On 25.01.2012 02:16, R. Michael Weylandt wrote:
I think you are getting stuck on the same regexp problem as before
(i.e., once again the dollar sign is being interpreted as the
beginning
You meant "end".
Uwe
of the line rather than an actual dollar sign)
If I understand your question, might I suggest something much easier?
x = data.frame(a = c("$1034.23","1,230"), b = c(4,5))
sapply(x, function(x) as.numeric(gsub("[\\$,]","",x)))
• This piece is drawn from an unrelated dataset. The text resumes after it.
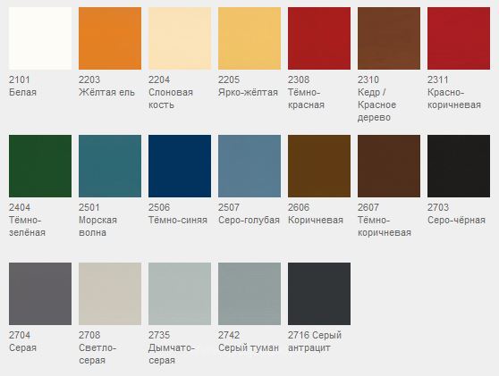 2101 Белая; 2203 жёлтая ель; 2204 Слоновая кость; 2205 Ярко-жёлтая; 2308 Тёмно-красная; 2310 Кедр / Красное дерево; 2311 Красно-коричневая; 2404 Тёмно-зелёная; 2501 Морская волна; 2506 Тёмно-синяя; 2507

That is, go by each column of the data frame and replace anything
that's either a literal dollar sign or a comma with empty space (i.e.,
remove it) and then convert the result to numeric. If it's already
numeric, this will simply return it unaltered so I think it's safe to
apply to each row.
M
On Tue, Jan 24, 2012 at 11:07 AM, Dan Abner<dan.abne...@gmail.com> wrote:
Hi everyone,
I am using Michael's approach (grepl()) to identify which columns
containing $ signs. I was hoping to incorporate this into a line of
code that would automatically 1) find which columns contain $ signs,
2) strip the $ and commas, and 3) convert the result to a numeric
vector.
I have the following:
col.id<-function(x) any(grepl("\\$",x))
cand2[which(sapply(cand2,col.id))]<-
as.numeric(gsub("[$,]","",cand2[which(sapply(cand2,col.id))]))
However, I am doing something wrong: while the code correctly
identifies the columns containing $ signs, it also returns ALL NA for
those columns.
See my initial message for this thread for example data.
Any assistance is appreciated.
Thanks!
Dan
On Tue, Jan 24, 2012 at 9:04 AM, R. Michael Weylandt
<michael.weyla...@gmail.com> wrote:
Either
any(grepl("$",x, fixed = TRUE)) # You probably want grepl not grep
any(grepl("\\$",x) )
? regexpr # $ has a special value
Michael
PS -- Stop with HTML postings (seriously, it actually does mess up
what the rest of us see and I think it causes trouble for the archives
as well)
On Tue, Jan 24, 2012 at 8:49 AM, Dan Abner<dan.abne...@gmail.com> wrote:
Hello everyone,
I am writing my own function to return the column index of all variables
(these are currently character vectors) in a data frame that contain a
dollar sign($). A small piece of the data look like this:
can_sta can_zip ind_ite_con ind_uni_con AL 36106 $251,895.80 $22,874.43
AL 35802 $141,373.60 $7,100.00 AL 35201 $273,208.50 $18,193.66 AR
72404 $186,918.00
$25,391.00 AR 72217 $451,127.00 $27,255.23 AR 7.28E+08 $58,336.22 $5,293.82
So far I have:
col.id<-function(x) any(grep("$",x))
sapply(cand2,col.id)
However, this returns TRUE for all columns (even those that do not contain
the $).
Any assistance is appreciated.
Thank you,
Dan
[[alternative HTML version deleted]]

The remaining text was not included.